▶

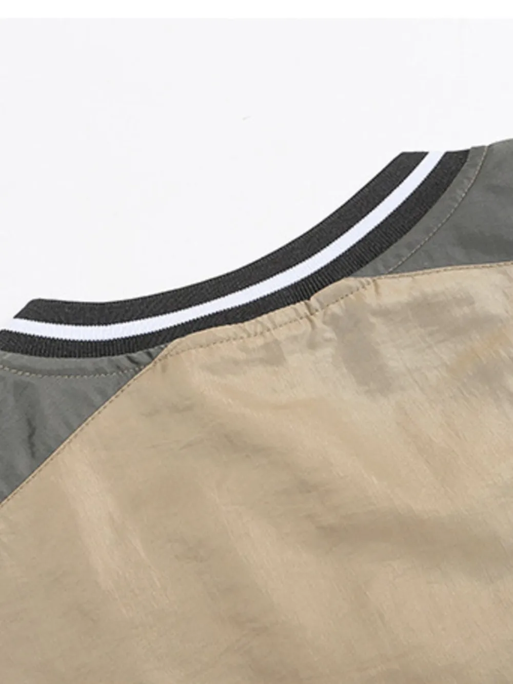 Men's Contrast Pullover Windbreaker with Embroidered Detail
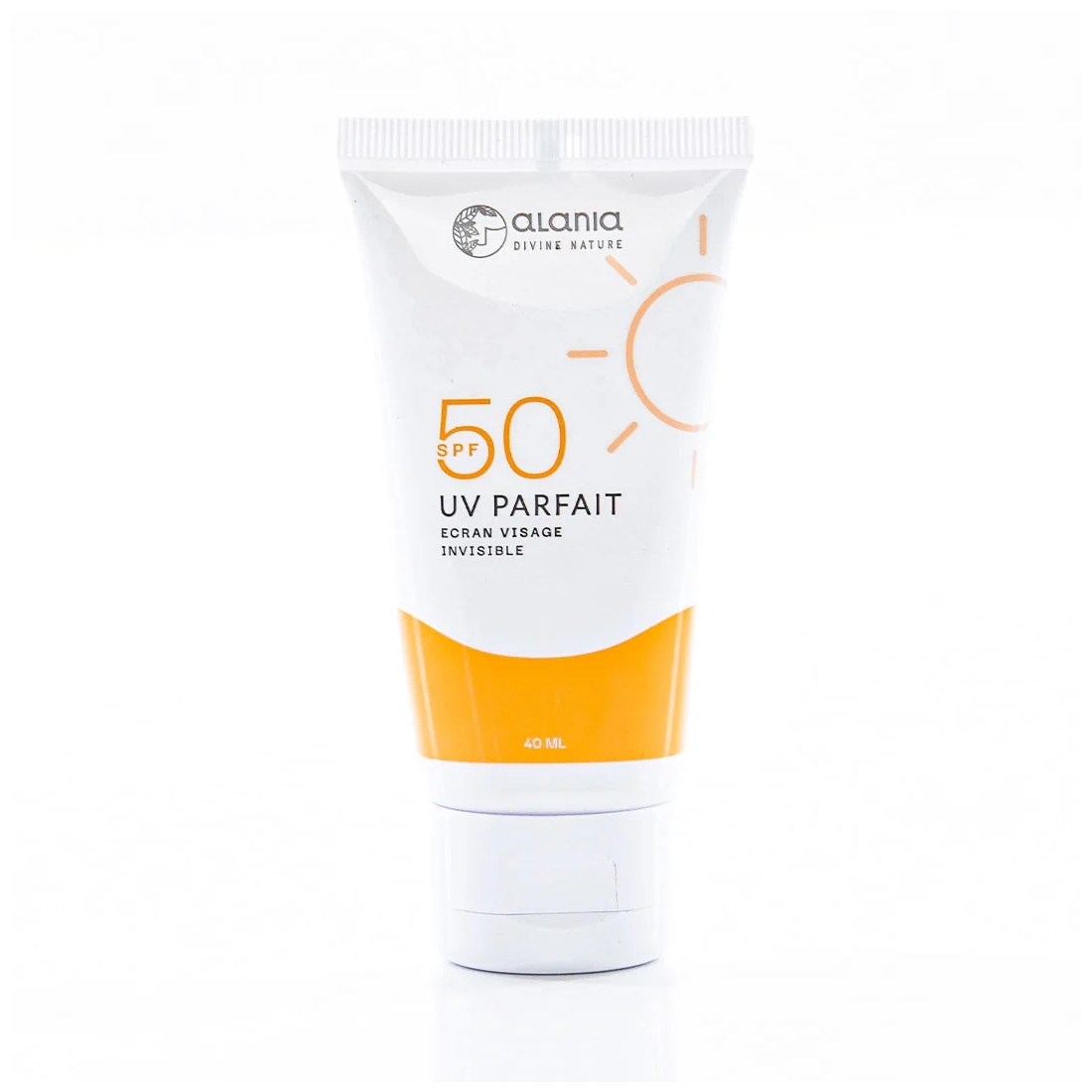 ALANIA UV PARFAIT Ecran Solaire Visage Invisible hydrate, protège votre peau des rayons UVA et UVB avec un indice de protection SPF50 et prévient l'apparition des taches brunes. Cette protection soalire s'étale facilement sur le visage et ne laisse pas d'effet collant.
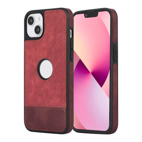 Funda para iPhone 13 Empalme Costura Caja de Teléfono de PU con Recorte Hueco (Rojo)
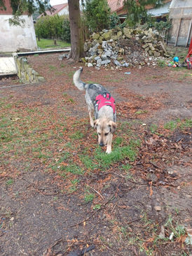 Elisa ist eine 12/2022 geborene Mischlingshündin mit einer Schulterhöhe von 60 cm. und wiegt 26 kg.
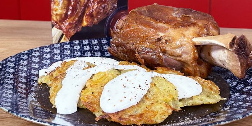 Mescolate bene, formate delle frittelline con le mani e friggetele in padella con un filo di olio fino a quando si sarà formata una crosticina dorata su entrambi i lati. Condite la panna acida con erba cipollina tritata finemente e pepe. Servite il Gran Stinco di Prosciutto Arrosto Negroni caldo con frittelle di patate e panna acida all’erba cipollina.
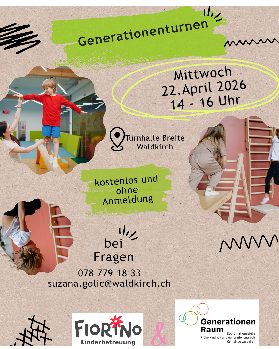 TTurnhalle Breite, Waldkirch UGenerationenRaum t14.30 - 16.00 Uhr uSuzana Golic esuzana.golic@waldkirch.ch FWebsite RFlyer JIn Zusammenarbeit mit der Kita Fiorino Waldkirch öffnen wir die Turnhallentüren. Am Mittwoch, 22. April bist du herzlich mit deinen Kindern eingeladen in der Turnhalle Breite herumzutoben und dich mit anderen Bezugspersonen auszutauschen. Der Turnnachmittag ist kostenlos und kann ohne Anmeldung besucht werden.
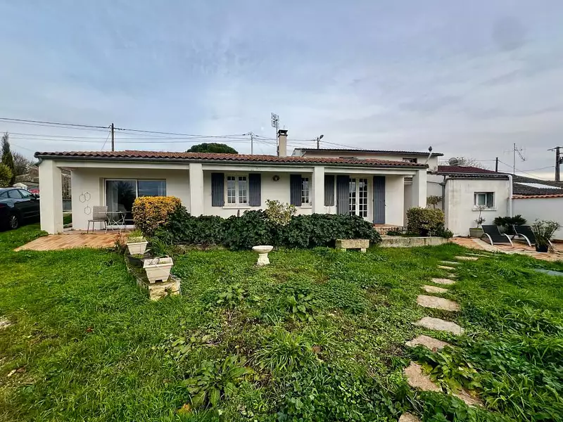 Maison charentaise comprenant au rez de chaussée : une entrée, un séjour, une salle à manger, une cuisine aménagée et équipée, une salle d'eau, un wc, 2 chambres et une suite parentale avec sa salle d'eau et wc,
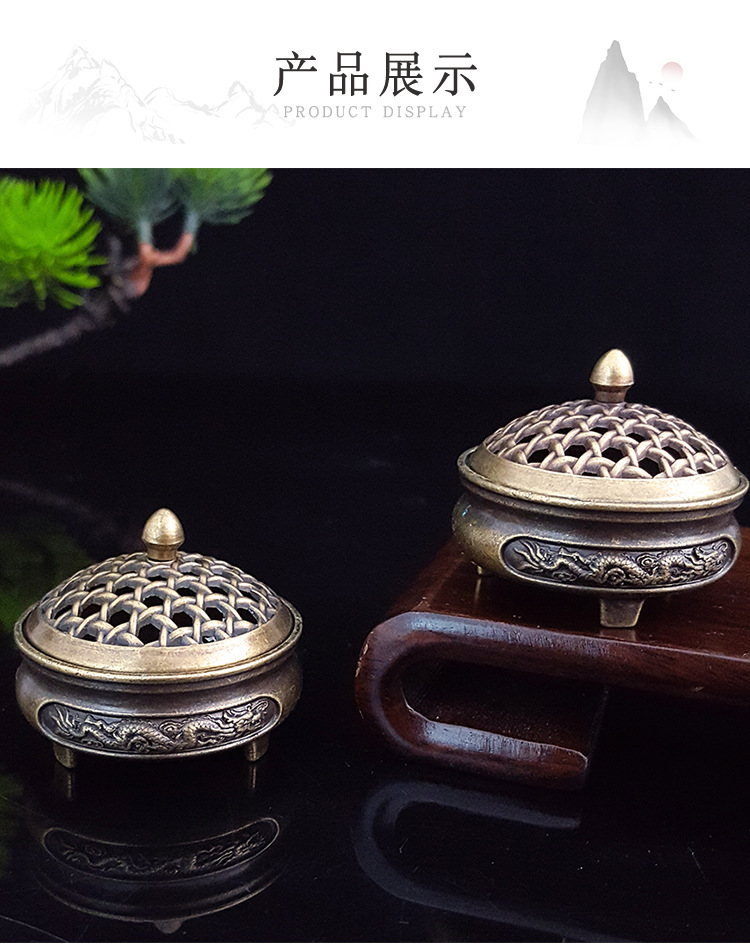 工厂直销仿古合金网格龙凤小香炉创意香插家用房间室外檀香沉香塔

◀

▶ EXERCISE BRIEF
The listing above is to be retyped word for word, with the pictures omitted.

▶ ANSWER AREA
 Men's Contrast Pullover Windbreaker with Embroidered Detail
 ALANIA UV PARFAIT Ecran Solaire Visage Invisible hydrate, protège votre peau des rayons UVA et UVB avec un indice de protection SPF50 et prévient l'apparition des taches brunes. Cette protection soalire s'étale facilement sur le visage et ne laisse pas d'effet collant.
 Funda para iPhone 13 Empalme Costura Caja de Teléfono de PU con Recorte Hueco (Rojo)
 Elisa ist eine 12/2022 geborene Mischlingshündin mit einer Schulterhöhe von 60 cm. und wiegt 26 kg.
 Mescolate bene, formate delle frittelline con le mani e friggetele in padella con un filo di olio fino a quando si sarà formata una crosticina dorata su entrambi i lati. Condite la panna acida con erba cipollina tritata finemente e pepe. Servite il Gran Stinco di Prosciutto Arrosto Negroni caldo con frittelle di patate e panna acida all’erba cipollina.
 TTurnhalle Breite, Waldkirch UGenerationenRaum t14.30 - 16.00 Uhr uSuzana Golic esuzana.golic@waldkirch.ch FWebsite RFlyer JIn Zusammenarbeit mit der Kita Fiorino Waldkirch öffnen wir die Turnhallentüren. Am Mittwoch, 22. April bist du herzlich mit deinen Kindern eingeladen in der Turnhalle Breite herumzutoben und dich mit anderen Bezugspersonen auszutauschen. Der Turnnachmittag ist kostenlos und kann ohne Anmeldung besucht werden.
 Maison charentaise comprenant au rez de chaussée : une entrée, un séjour, une salle à manger, une cuisine aménagée et équipée, une salle d'eau, un wc, 2 chambres et une suite parentale avec sa salle d'eau et wc,
 工厂直销仿古合金网格龙凤小香炉创意香插家用房间室外檀香沉香塔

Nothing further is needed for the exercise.